Январь 2020, Москва — Юар и Грузия, 2023
В тот день стемнело раньше срока. Застучали в окна первые крупные капли, а спустя мгновение тучи как прорвало, и на город обрушился небывалой силы ливень. С криками и охами люди прятались под любыми навесами и давили там друг другу ноги, но выносили это безропотно, не почитая в тесноте за обиду.
Григорий нырнул за неимением лучшего укрытия в роскошный куст сирени — такой густой, что вода не проникала сюда, — и остолбенел, увидев в полумраке Софронью. Она сидела со скучающим видом на скамейке и томно обмахивалась веером. При виде лавочника колдунья принялась совершать рукой пассы столь замысловатые, что у мужчины перехватило дыхание.
— Что же вы не садитесь, Григорий Данилович? — проворковала Софронья, указывая рукой на место против себя.
— Премного… — промямлил лавочник и опустился на скамью.
— Ах, что за погода! Душа так и поёт и просится вон из чресел!
— Откуда? — только и смог выдавить Григорий, уставившись на то, что называлось неизвестным ему словом «декольте».
Вместо ответа Софронья подскочила, закружилась в воздухе, как лист на ветру, и плавно приземлилась на колени мужчине. Она кокетливо провела своему избраннику по носу веером и прошептала на ухо что-то неслышимое, отчего сердце его забилось чаще.
— Софронья…
— О, вы и имя моё знаете!
— Да кто ж его не знает-то…
— Как же, есть такие люди. Давеча один чиновник приезжал из столицы, так ему меня не представили, и пришлось бедняжке выкручиваться, юлить и лебезить самым бессовестным образом.
Надо заметить, что несчастный был в городе проездом и намерения общаться с Софроньей не имел вовсе, тем более близко, однако каким-то неосторожным замечанием возбудил в колдунье интерес, и «проездом» затянулось на две недели. В итоге чиновник позорно бежал под покровом ночи, поклявшись впредь к Нечаеву не приближаться.
— Но мне твоё имя известно. Голубушка, — добавил осмелевший лавочник.
— Ах, Григорий Данилович, вы меня смущаете.
— А как вы-то меня… чаровница!
Поцелуй, которым наградила лавочника Софронья, потонул в раскате грома и подействовал на него как удар молнии.
Гроза давно закончилась, когда мужчина, воровато оглядываясь, вылез из цветущего куста и побрёл к себе домой, где была давно не милая его сердцу Люба.

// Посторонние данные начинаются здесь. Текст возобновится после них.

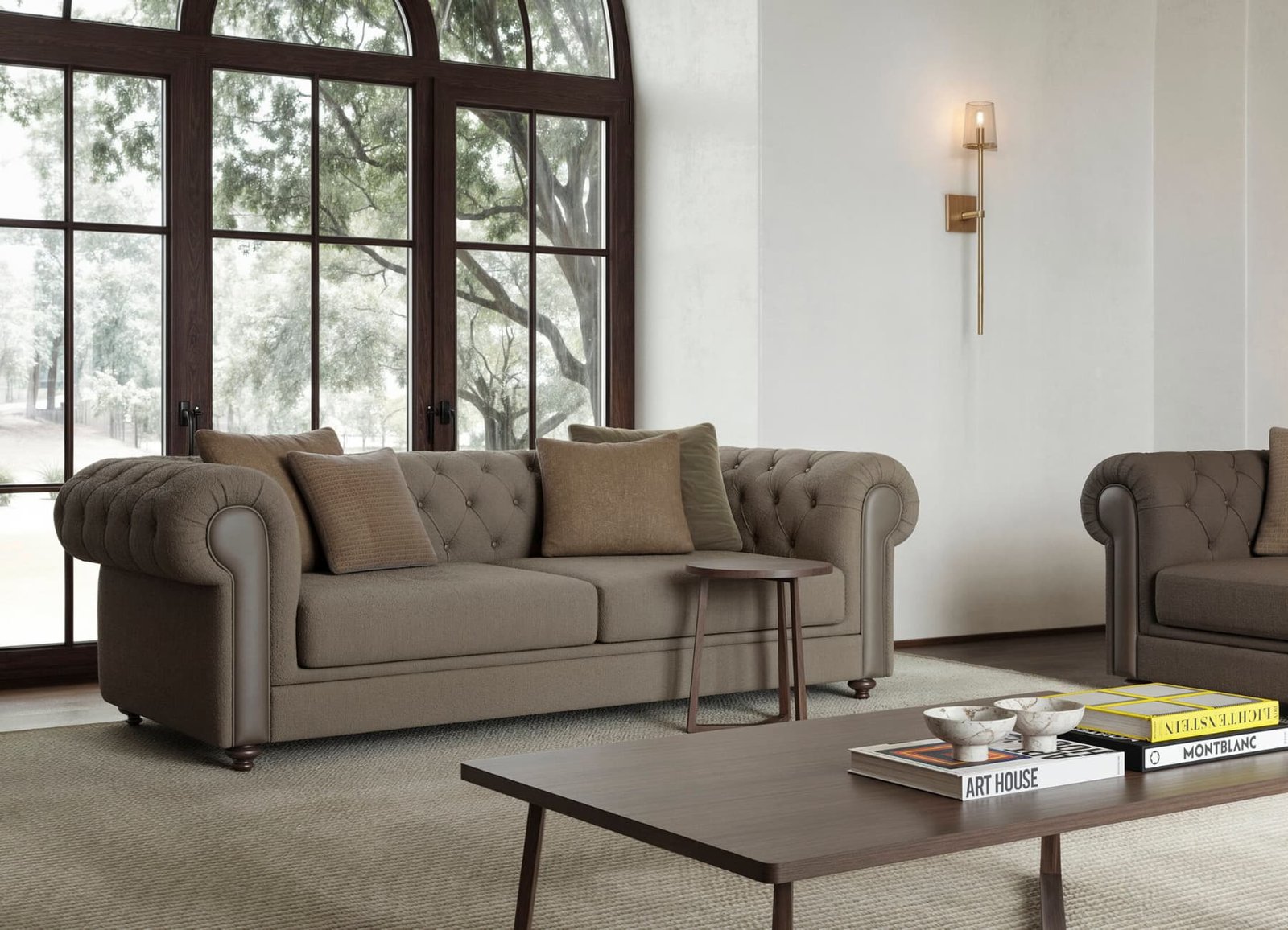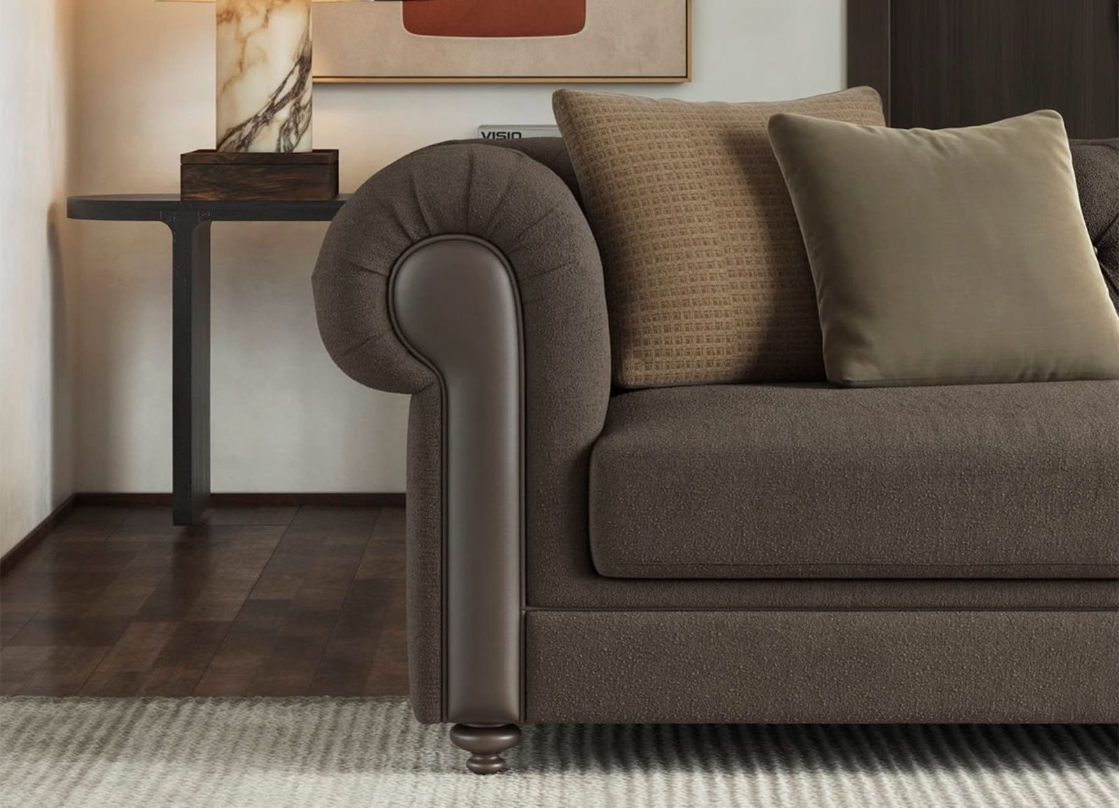 Rolled arms with leather inlays elevate the overall aesthetic
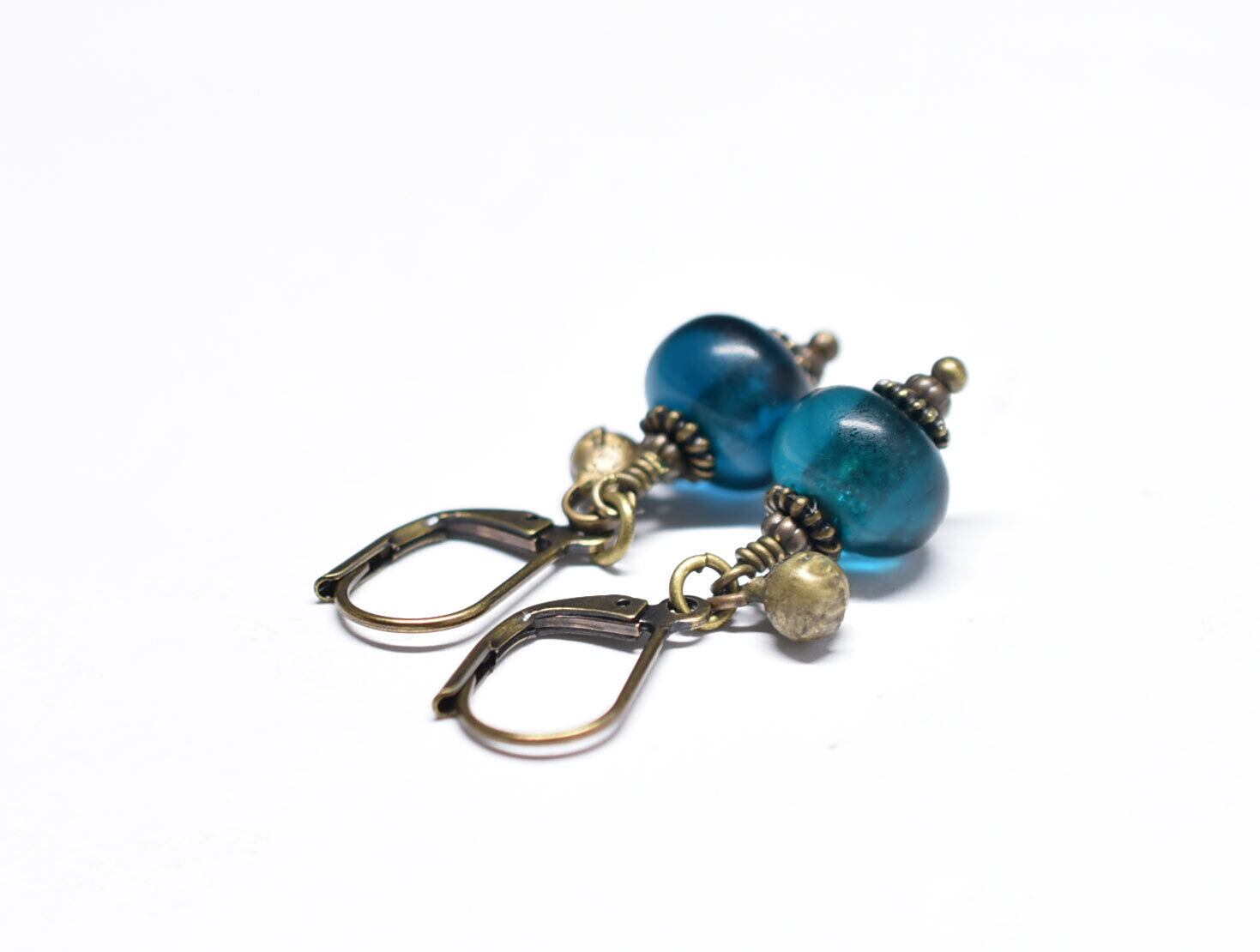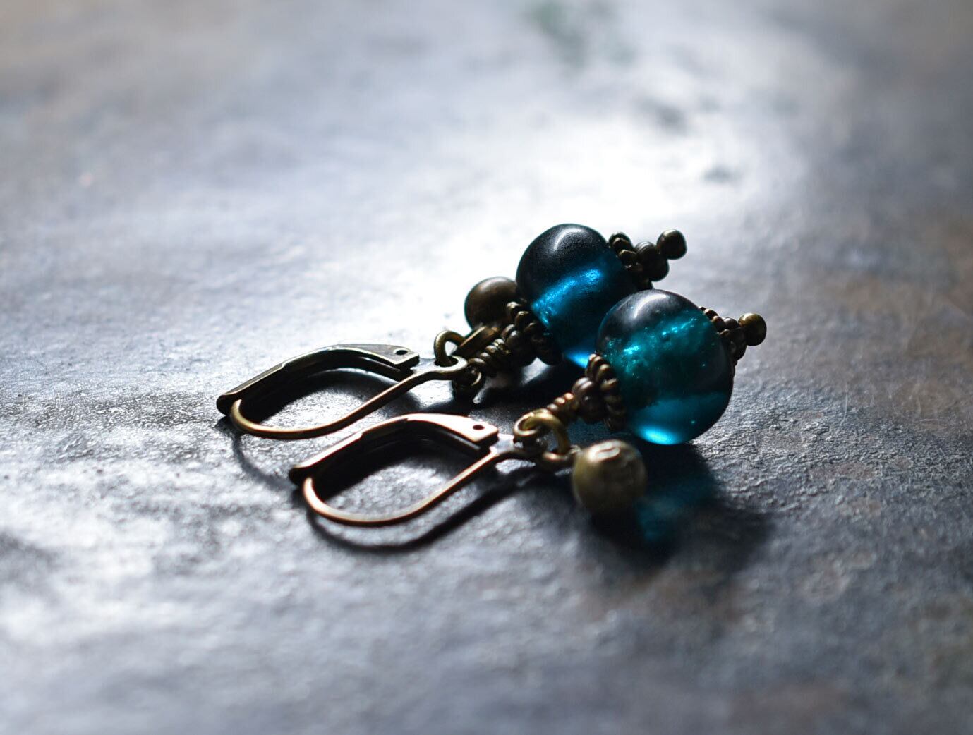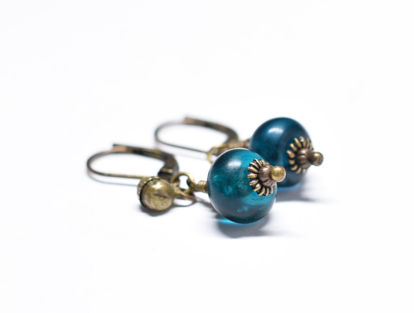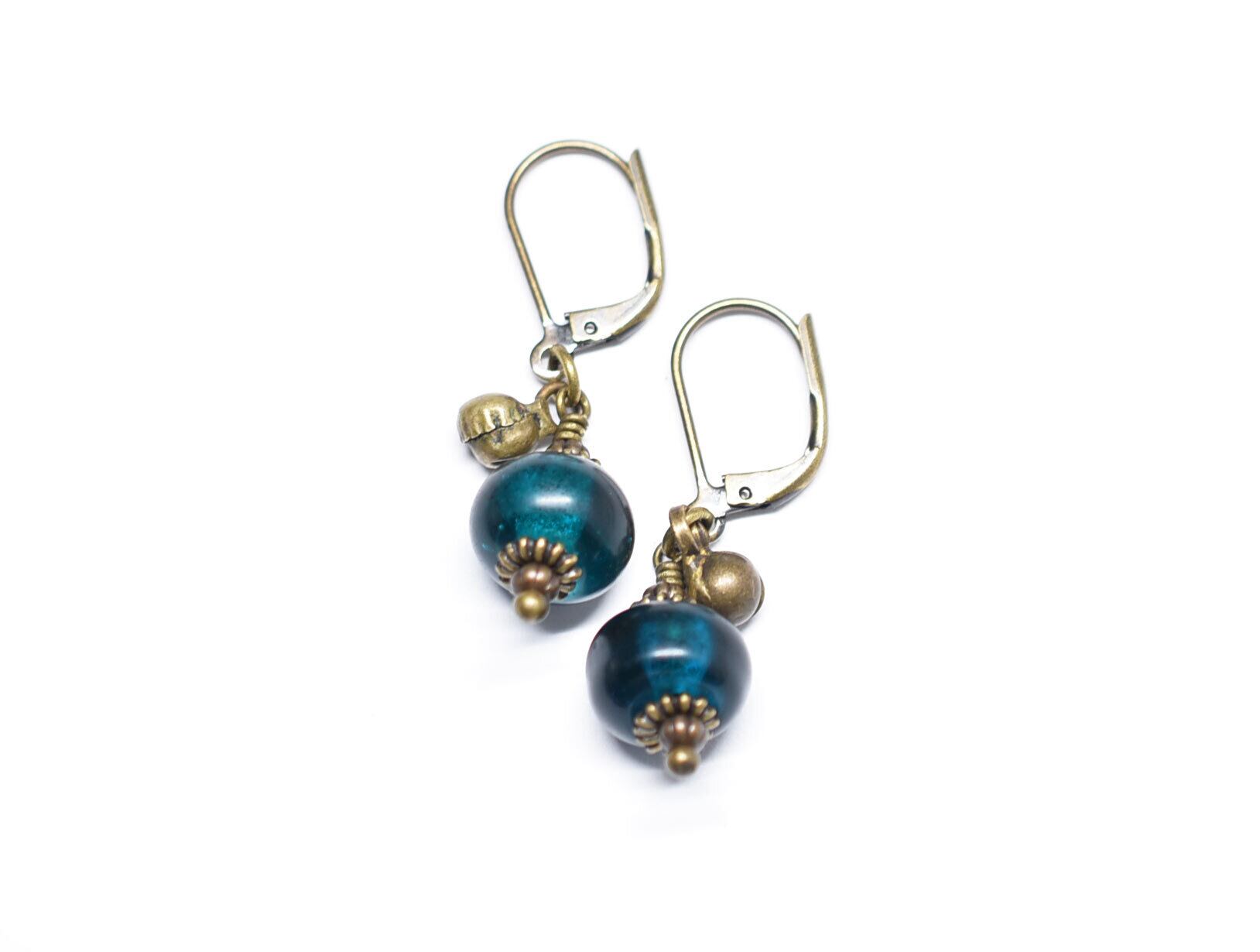 インディゴブルーヴィンテージビーズと民族鈴を繋いだピアスです。

Он посмотрел на неё угрюмее, чем всегда, был молчаливее обыкновенного и ушёл спать раньше заведённого.
А на другой день в условленное время Григорий снова изнывал у зарослей сирени и ждал позволения войти в полные страсти сумерки. Наконец из листвы показалась рука колдуньи, вся в перстнях с топазами, и поманила лавочника. Он, не помня ног, поплыл в море благоуханий, забыв всё на свете.
Так они и встречались изо дня в день в своём ненадёжном укрытии. Тайну их случайно раскрыл соседский мальчишка и рассказал об увиденном няньке. Та поделилась с прачкой, которая сообщила кухарке в каменном доме на Гончарной улице, а оттуда весть разнесли по всей округе.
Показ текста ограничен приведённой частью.